Reproduce the records precisely. Omit every picture.

[Collected data]
───

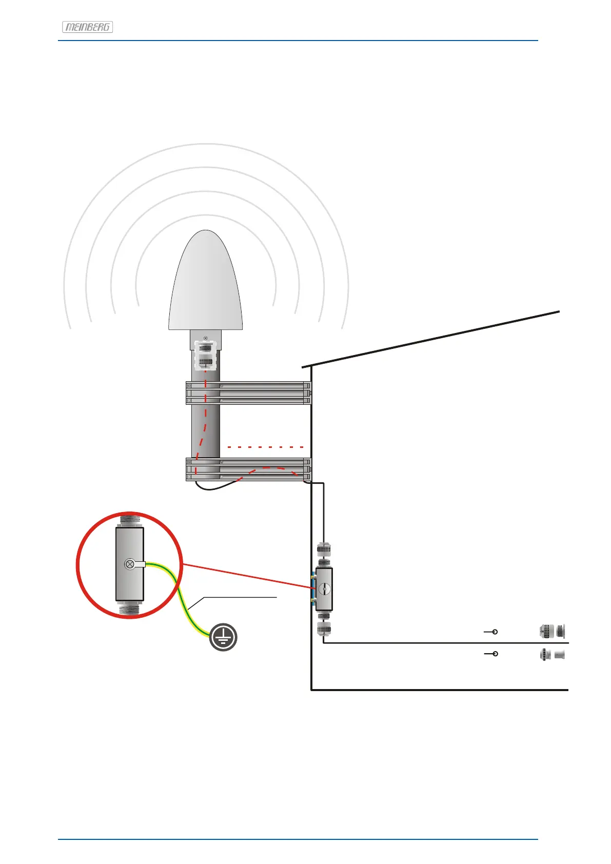 Optional a surge voltage protector for coaxial lines is available. The shield has to be connected to earth as
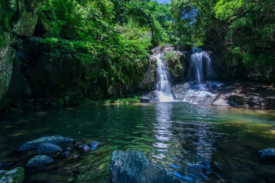 瀑布底有一个彩虹潭,天气好的时候潭底经常挂着超大的彩虹,特别漂亮。潭边有很多超大的石头,大家可以坐下来脱掉鞋子将脚放入潭中泡一下,清凉解暑
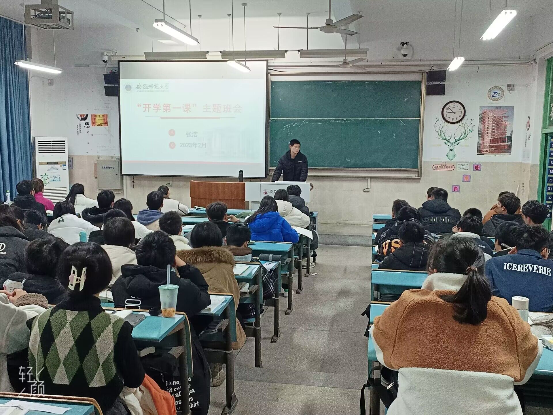本次主题班会上,张浩围绕“新学期,新面貌,新憧憬”向班级同学提出了新学期的一系列要求,号召全体同学学好一堂“思政课”,认真学习宣传贯彻党的二十大精神;学好一堂“劳动课”,保持教室、寝室卫生干净整洁;学好一堂“安全课”,提高人身、财产、心理、用电安全意识;学好一堂“法制课”,认真研学《员工手册》;学好一堂“疫情防控课”,严格落实每日健康监测。
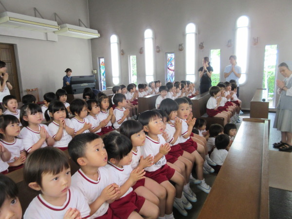 まずはじめに、みんなで聖歌「あの空はどうして青い」を歌って、今日も楽しく過ごせるようにお祈りをしました。
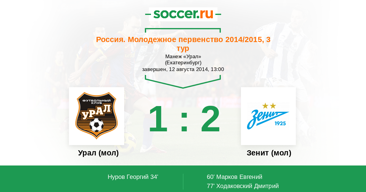 | Урал (мол) | Зенит (мол) | |
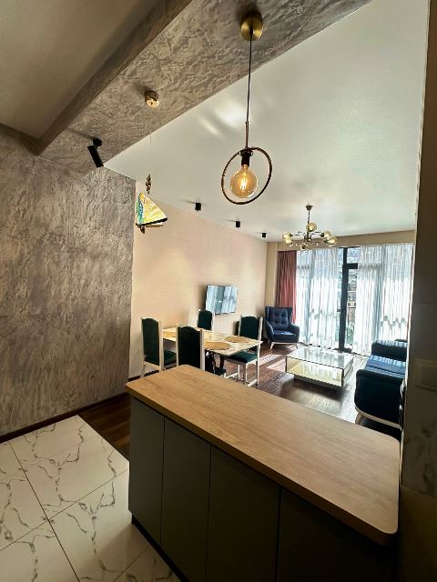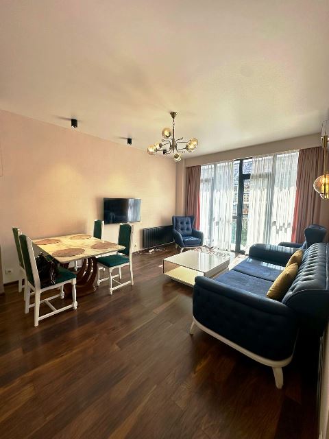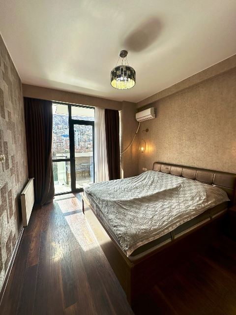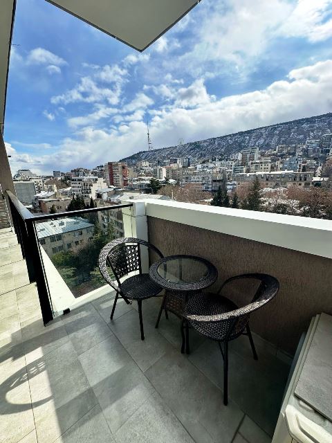 3-roomed 100 sq.m. apartment for rent in Vake, on Chavchavadze ave, in new premium class building, on the 10th floor, new high-quality renovated, with central heating, air-conditioners, 2 bathrooms, all furniture and technique, internet, 2 balconies with beautiful views, concierge service

───

Output of the task:
 Optional a surge voltage protector for coaxial lines is available. The shield has to be connected to earth as
 瀑布底有一个彩虹潭,天气好的时候潭底经常挂着超大的彩虹,特别漂亮。潭边有很多超大的石头,大家可以坐下来脱掉鞋子将脚放入潭中泡一下,清凉解暑
本次主题班会上,张浩围绕“新学期,新面貌,新憧憬”向班级同学提出了新学期的一系列要求,号召全体同学学好一堂“思政课”,认真学习宣传贯彻党的二十大精神;学好一堂“劳动课”,保持教室、寝室卫生干净整洁;学好一堂“安全课”,提高人身、财产、心理、用电安全意识;学好一堂“法制课”,认真研学《员工手册》;学好一堂“疫情防控课”,严格落实每日健康监测。
 まずはじめに、みんなで聖歌「あの空はどうして青い」を歌って、今日も楽しく過ごせるようにお祈りをしました。
 | Урал (мол) | Зенит (мол) | |
 3-roomed 100 sq.m. apartment for rent in Vake, on Chavchavadze ave, in new premium class building, on the 10th floor, new high-quality renovated, with central heating, air-conditioners, 2 bathrooms, all furniture and technique, internet, 2 balconies with beautiful views, concierge service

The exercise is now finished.